WAYPOINT 1 > PLAZA DEL CARMEN
La passeggiata comincia nella Piazza del Carmen e continua per il centro storico della città: la Piazza Bib-Rambla, la Cattedrale, l’Alcaicería e la Cappella Reale. Poi continua per l’Albaicín e infine ritorna a Piazza Nueva dove termina l’itinerario che dura circa due ore e mezza.

WAYPOINT 2 > CORRAL DEL CARBÓN
Corral del Carbón. Granada

La prima fermata è nel Corral del Carbón. Fino a questo luogo –che ospitava i magazzini per le merci e le stanze per il riposo dei viaggiatori – arrivavano i mercanti con le loro merci e i loro animali che venivano ricevuti con un abbeveratoio. Il Corral del Carbón è l’unico funduq o mercato dei cereali dell’epoca musulmana; un luogo che si trovava nel circuito commerciale, dove era permesso il riposo dei mercanti e l’intimità dei commerci che avvenivano all’interno. Con l’arrivo dei cristiani la sua funzione di foresteria si trasformò in magazzino e proprio per questo motivo prese il nome di ‘carbone’, che era l’elemento che immagazzinava nella parte più bassa dell’edificio. In alcuni periodi venne utilizzato anche come luogo di riunione e di attività teatrale.

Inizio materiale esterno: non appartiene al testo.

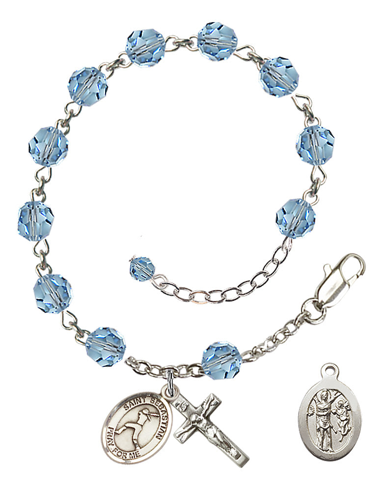 Sterling Silver 6mm Austrian Crystal St. Sebastian Softball Rosary Bracelet in Aqua | Engravable
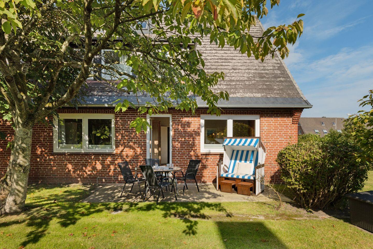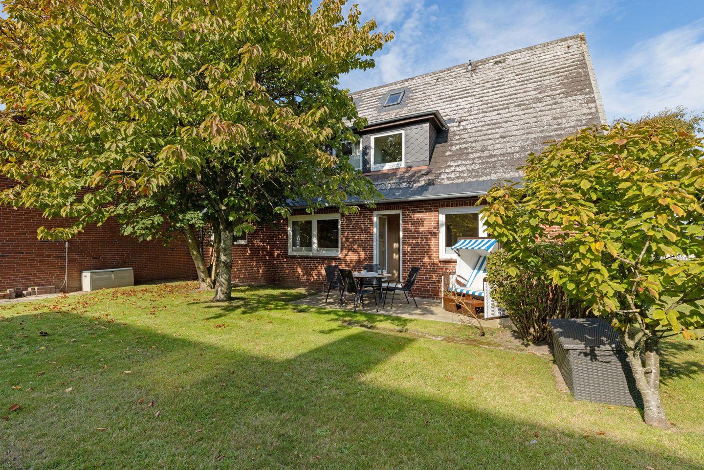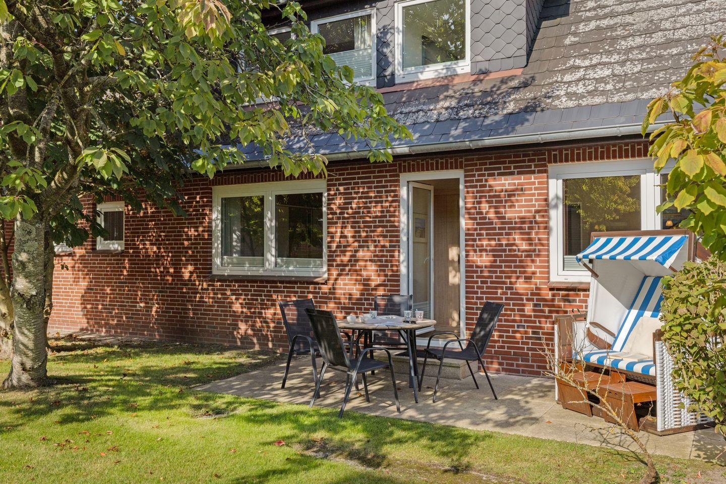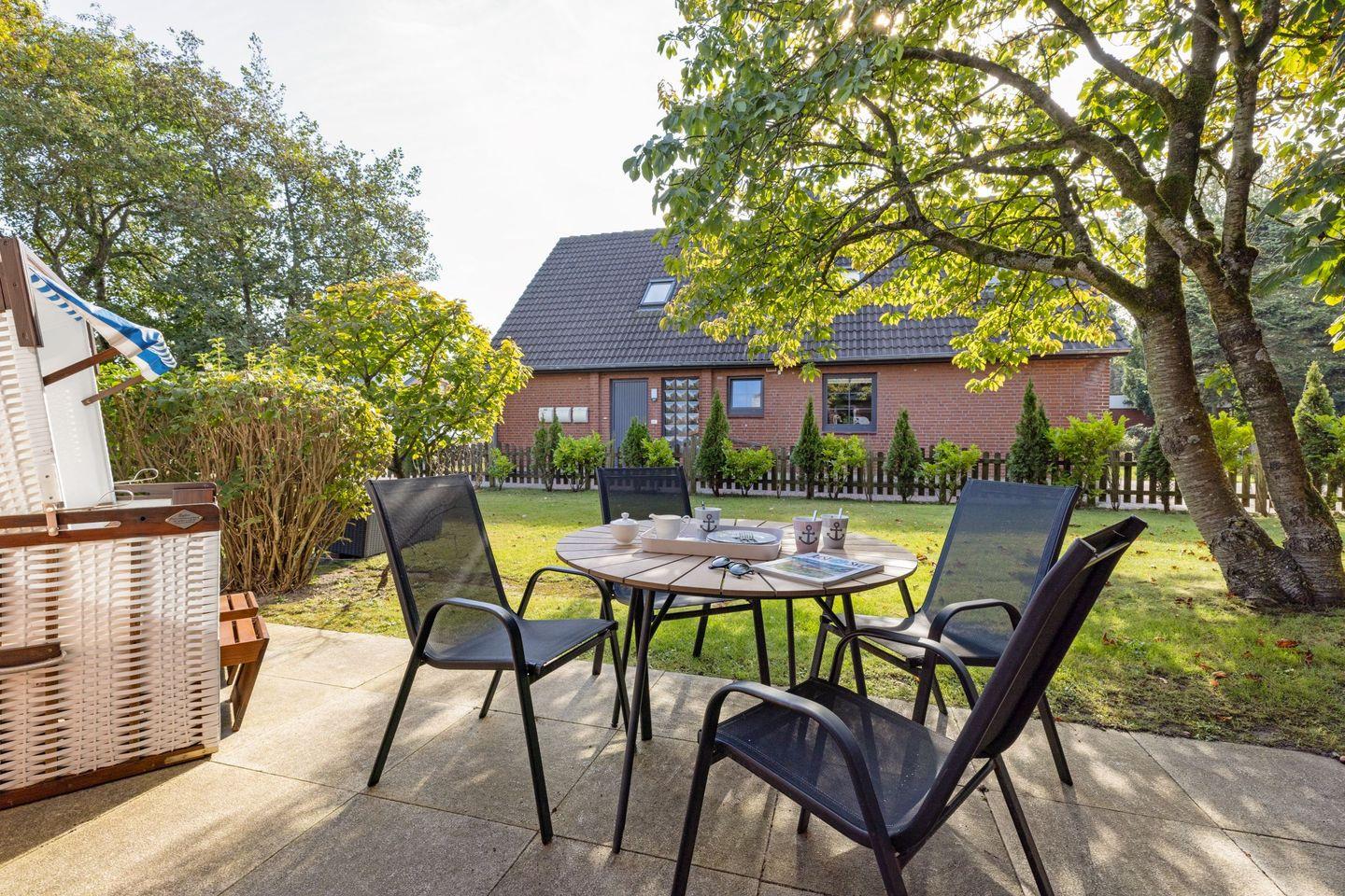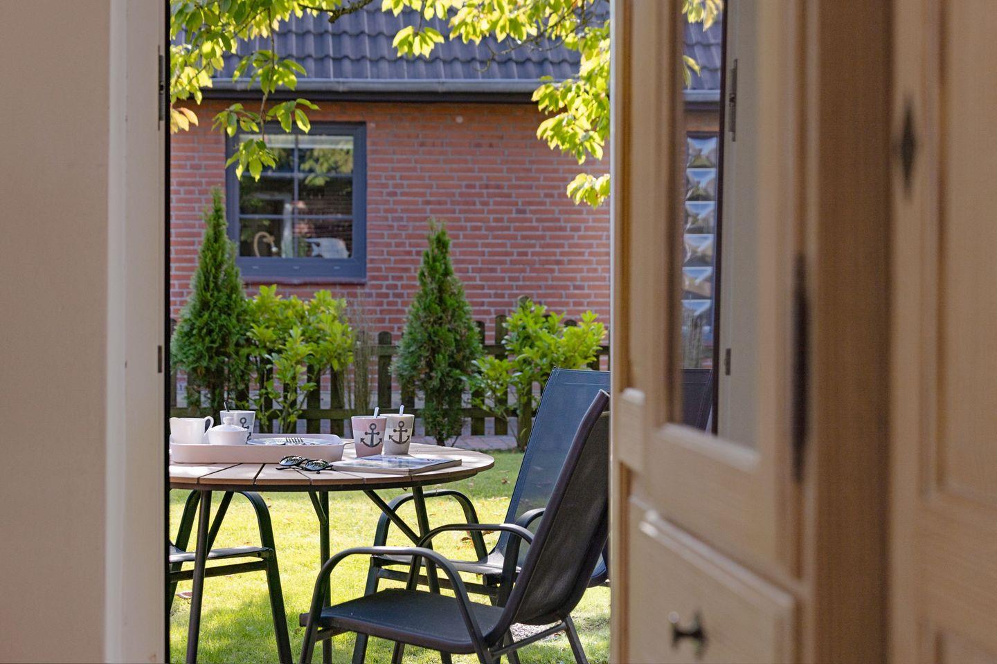 Das Ferienappartement für bis zu vier Personen befindet sich im Erdgeschoss und verfügt über eine eigene Terrasse, die sichtgeschützt zum großen Garten liegt.

WAYPOINT 3 > PLAZA BIB-RAMBLA

Scendendo per la strada Zocatín il viaggiatore arriva al piazza Bib-Rambla. Anche se ai castigliani piaceva la città di Granada, tipicamente islamica, con le sue strade strette, le poche piazze e le piccole moschee, la mancanza di spazi aperti creava una sensazione di claustrofobia. Bib-Rambla è un ottimo esempio della cristianizzazione e castiglianizzazione a cui venne sottoposta la capitale dopo la conquista dei Re Cattolici. La grandezza della piazza viene raddoppiata, trasformata in piazza maggiore, come le piazze presenti in tutte le città castigliane. Questa piazza veniva utilizzata per tutte le celebrazioni pubbliche della città nell’epoca cristiana: processioni, atti di fede, tornei, esecuzioni…

WAYPOINT 4 > CATEDRAL

Di fronte alla Cattedrale si trova la piazza delle Pasiegas. La regina Isabella la Cattolica diede così tanta importanza alla Conquista del Regno di Granada da parte del cristianesimo che ancor prima di intraprendere la sua crociata, chiese al Papa di per poter erigere chiese nelle località conquistate. Fece costruire una cattedrale che venne dedicata all’Incarnazione di Maria, come tutte le chiese che si edificarono nelle città della provincia conquistate in questa epoca, dovuto alla gran devozione che la Regina aveva per questo mistero religioso. Nel rosone centrale della porta è rappresentato in alto rilievo il mistero dell’Incarnazione. Il soggiorno di Carlos V a Granada segnò anche il futuro della città. Il re fece costruire il suo palazzo nell’Alhambra e come luogo di sepoltura scelse la Cattedrale.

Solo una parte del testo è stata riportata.